白石くんの綺麗な薄い唇がそっと言葉を紡ぐ。


「“さようなら、とこの国の人々が別れに際して口にのぼらせる言葉は、もともと『そうならねばならぬのなら』という意味だとそのとき私は教えられた―――"」


“「そうならねばならぬのなら」。なんという美しいあきらめの表現だろう。

西洋の伝統の中では、多かれ少なかれ、神が別れの周辺にいて人々をまもっている。英語のグッドバイは、神が汝とともにあれ、だろうし、フランス語のアディユも、神のみもとでの再会を期している。”
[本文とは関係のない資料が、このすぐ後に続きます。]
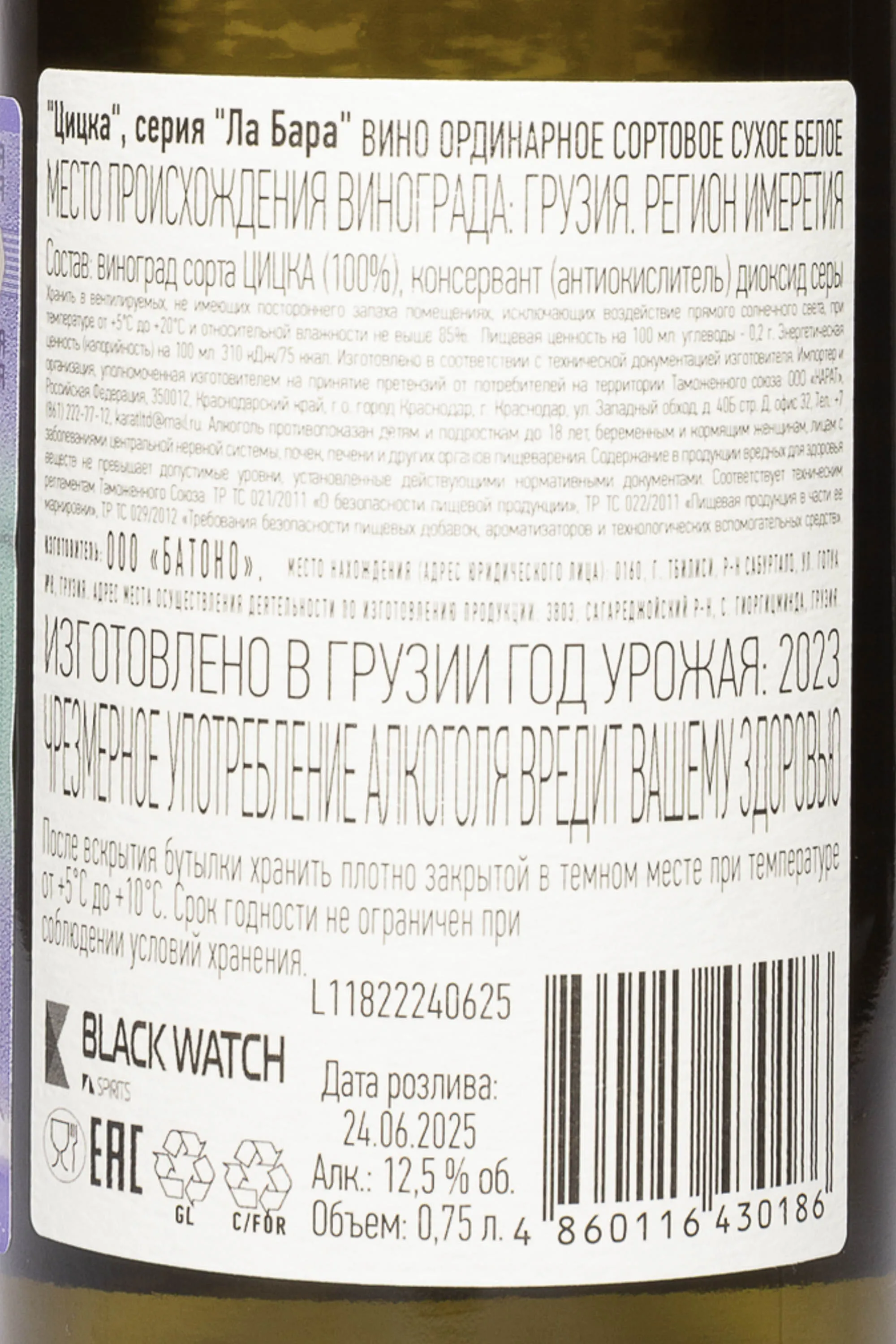 Белое сухое вино Labara Tsitska 2023 0.75 л раскрывает элегантность традиционного грузинского сорта Цицка, выросшего в Имерети. Светлое и прозрачное, оно гармонично сочетает свежесть и мягкость, даря ощущение утончённой природной легкости. Вино идеально подходит для легких закусок и романтических ужинов, подчеркивая вкус блюд, а не перебивая его. Идеально для ценителей белых вин, ищущих гармонию между ароматом и вкусом. Легкое, свежое и выразительное, оно станет отличным сопровождением как к домашнему столу, так и к праздничным мероприятиям.

「“―――・・・それなのにこの国の人々は、別れに臨んで、そうならねばならぬのなら、とあきらめの言葉を口にするのだ”」




いつの間にか、幾筋もの涙が静かに頬を伝っていた。


白石くんは優しく微笑む。

「お父さん、博識な人やったんやったら知っとったかもしれへんで?」
「っ・・・う・・・そだ」
「自分と離れるの、もちろん嫌でたまらへんかったんや。でも運命にあがらえんことも承知しとって、自分に『仕方ない』って伝えた。悟ってたんやないかな」

「・・・嘘だっ・・・」




「送る」と言ってくれた白石くんに謝ってから家まで走り続けた。


嘘だ。嘘だ嘘だ嘘だ。お父さんが私との別れを惜しんでいたなんて。お父さんは全然一緒にいてくれなかった。遊んでくれもしなかった。私に学校のこと聞いたりもしなかったんだよ。そんな人だったんだよ。
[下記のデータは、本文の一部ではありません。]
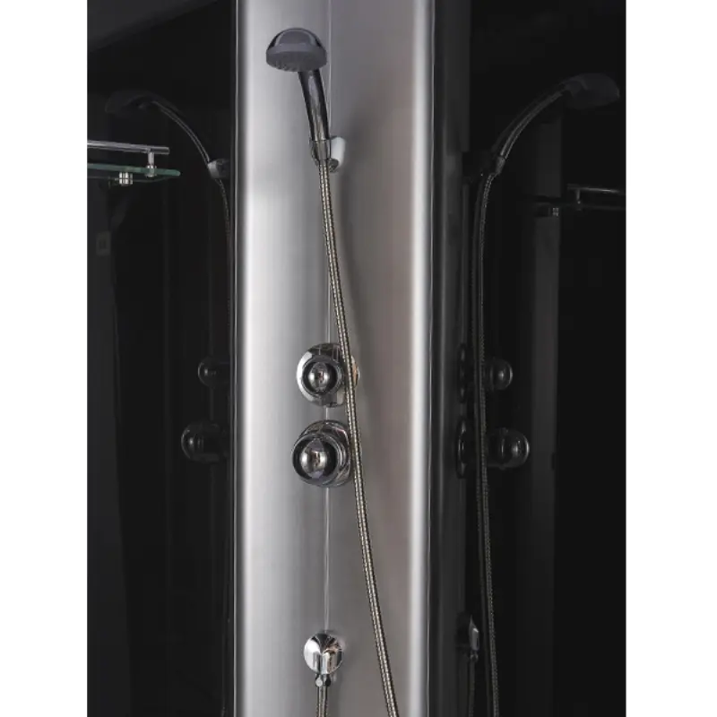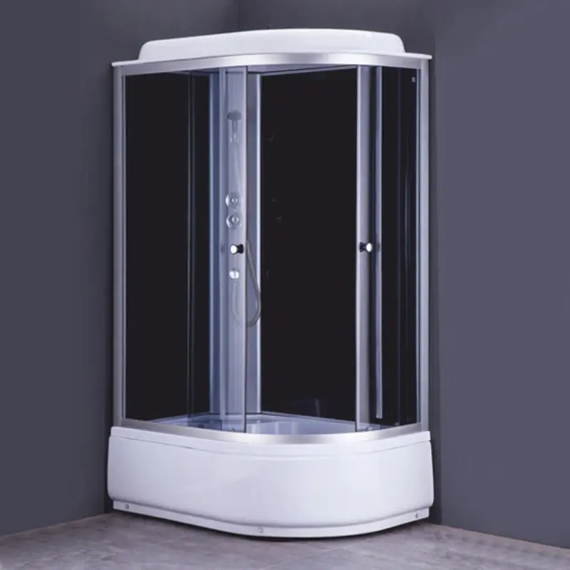 Душевая кабина Comforty 302 имеет размер 120х80 см. Форма — асимметричную, цвет хром, полотно тонированное. Комплектация: две раздвижные створки и магнитным профилем, двухрежимный смеситель, верхний душ, ручной душ, двойные ролики сверху и снизу, сифон с донным клапаном. Высокий поддон.

だいたい白石くんはお父さんのことを何一つ知らない。白石くんの都合のいい解釈だ。そうだそうに決まってる。だって


だって、それじゃあまるでお父さんが私を大好きだったみたいじゃないか。



咽び思い泣きながら家に飛び込むと、貯金通帳を持って同じように目を腫らしたお母さんがいた。





お母さんに聞いて初めて知った。お父さんは重い持病があって、自分がいなくなってからも私とお母さんが困らないようにと仕事一貫で働いていたこと。お母さんが止めても聞かなかったこと。
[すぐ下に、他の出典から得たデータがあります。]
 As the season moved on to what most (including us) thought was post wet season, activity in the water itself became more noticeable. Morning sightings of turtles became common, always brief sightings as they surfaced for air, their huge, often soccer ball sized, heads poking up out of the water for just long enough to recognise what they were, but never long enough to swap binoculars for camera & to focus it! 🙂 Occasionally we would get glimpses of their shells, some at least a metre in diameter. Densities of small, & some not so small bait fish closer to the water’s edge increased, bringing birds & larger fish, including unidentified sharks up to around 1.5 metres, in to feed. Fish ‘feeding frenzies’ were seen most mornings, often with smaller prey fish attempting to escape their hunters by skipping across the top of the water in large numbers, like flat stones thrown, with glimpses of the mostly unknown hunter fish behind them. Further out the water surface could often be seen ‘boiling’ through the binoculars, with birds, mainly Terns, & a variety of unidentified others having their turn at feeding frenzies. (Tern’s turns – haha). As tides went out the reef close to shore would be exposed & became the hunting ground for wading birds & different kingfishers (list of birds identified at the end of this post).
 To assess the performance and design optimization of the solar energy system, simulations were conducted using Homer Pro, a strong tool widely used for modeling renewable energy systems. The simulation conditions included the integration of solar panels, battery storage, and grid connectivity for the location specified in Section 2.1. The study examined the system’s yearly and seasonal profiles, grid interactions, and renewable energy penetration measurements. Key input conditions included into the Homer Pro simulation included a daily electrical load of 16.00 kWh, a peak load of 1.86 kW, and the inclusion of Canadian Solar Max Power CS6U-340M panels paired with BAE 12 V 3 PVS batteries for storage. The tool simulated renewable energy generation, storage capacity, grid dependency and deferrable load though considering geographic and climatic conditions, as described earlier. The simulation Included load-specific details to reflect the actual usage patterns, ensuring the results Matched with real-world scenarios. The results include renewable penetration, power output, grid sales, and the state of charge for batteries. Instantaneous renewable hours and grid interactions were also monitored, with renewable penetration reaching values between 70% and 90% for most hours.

私とは話したくても、私がどんな話題が好きかが分からなかったこと。入学式や卒業式で私の写真を撮るのを張り切っていたこと。私がお父さん似なのを密かに喜んでいたこと。


私が可愛くて仕方がないって友達に話していたことを。



白石くんの言った通りだった。「さようなら」は「そうならねばならぬのなら」という意味だったんだ。お父さんは全部分かってたよ。あの「さようなら」は全て受け入れた優しい「さようなら」だった。お父さんは強くて優しい人だ。

でも私はそんなに急に大人になれないんだ。そんな簡単に諦められないんだ。いつか私も穏やかに「さようなら」と言える日が来るのかな。




白石くん。なんだか今すごく君に会いたいです。